Memory/context loading from
```
~/.opencode/skills/PAI/SKILL.md
```
runs first if the file exists.

If those paths don't exist, ignore them. The skill is fully functional standalone.

若在PAI或PAI-OpenCode环境中运行，将自动遵循以下规则：

~/.opencode/skills/PAI/USER/SKILLCUSTOMIZATIONS/OSINT/PREFERENCES.md

中的用户自定义设置将覆盖默认值。

若存在
```
~/.opencode/skills/Apify/
```
路径，将使用其中的Apify actors。
若
```
~/.opencode/skills/PAI/SKILL.md
```
文件存在，将先加载该文件的内存/上下文。

若上述路径不存在，可忽略。本技能完全支持独立运行。

Quick-start example

快速入门示例

User: "Look into Jason Gurash at Avenir Senior Living for me — B2B prospect, infrastructure consulting angle."

Your turn 1 (don't dossier yet):

Setting up a B2B account intel investigation. Routing to
workflows/b2b-account.md
. Depth: Standard (~20 min). Disambiguation target: Jason Gurash, VP Operations, Avenir Senior Living. I'll confirm that match before reporting any details about him personally. Scope: public sources for sales discovery — corporate site, LinkedIn, news, tech footprint. I'll skip personal-life angles since they're not relevant to the consulting use case. Starting now.
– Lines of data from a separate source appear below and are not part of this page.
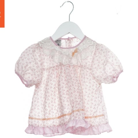 Et baby sæt bestående af en langærmet lyserød bluse dekoreret med flæser på skuldrene og et broderet ord nederst. Bukserne er lyserøde med et mønster af små hjerter. Bagsiden af blusen har lukning med to knapper. Bukserne har elastik i livet.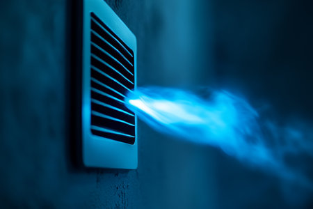 Close up of home wall air vent emitting refreshing blue air for optimal cooling effectiveness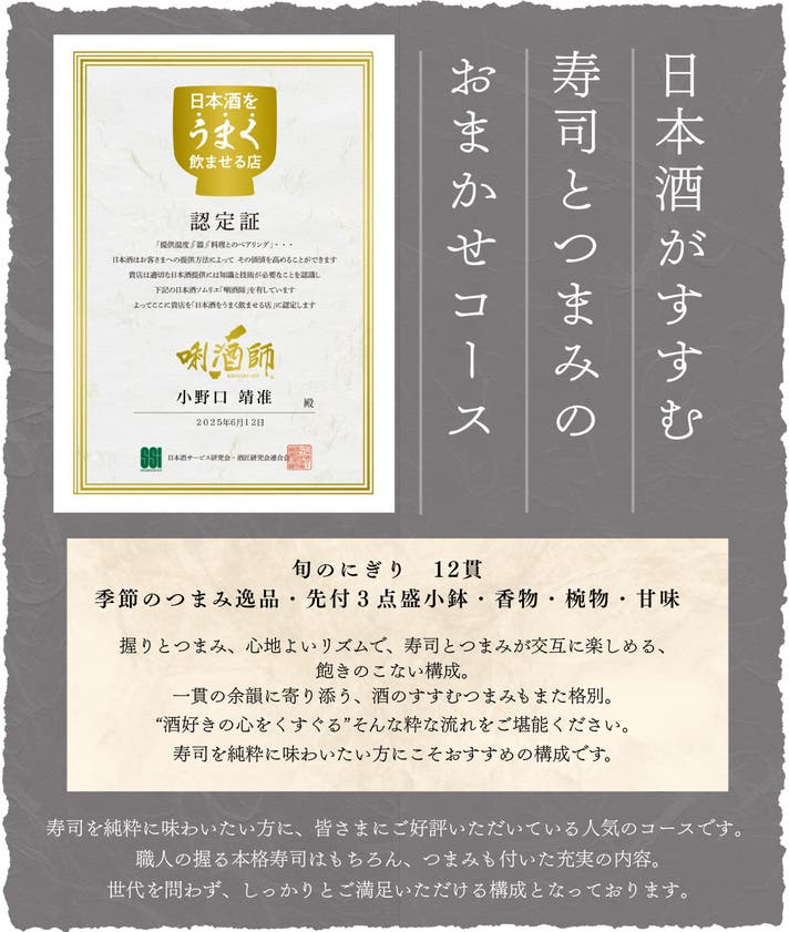寿司職人歴35年 × 利き酒師の他、日本酒ソムリエや料飲サービス検定など、サービスアテンドの資格も持つ大将が贈る、鮨と酒の極上マリアージュ。

Then run the workflow. Then produce the dossier with grades.

用户：“帮我调查Avenir Senior Living的Jason Gurash——B2B潜在客户，从基础设施咨询角度出发。”

您的第一步（不要直接输出档案）：

正在启动B2B客户情报调查，将路由至
workflows/b2b-account.md
。调查深度：标准（约20分钟）。消歧目标：Avenir Senior Living的运营副总裁Jason Gurash。在报告他的个人细节前，我会先确认该匹配项的准确性。调查范围：用于销售挖掘的公开来源——企业官网、LinkedIn、新闻、技术足迹。由于与咨询场景无关，我将跳过个人生活相关内容。现在开始执行。

然后运行对应工作流，最后生成带评级的档案文件。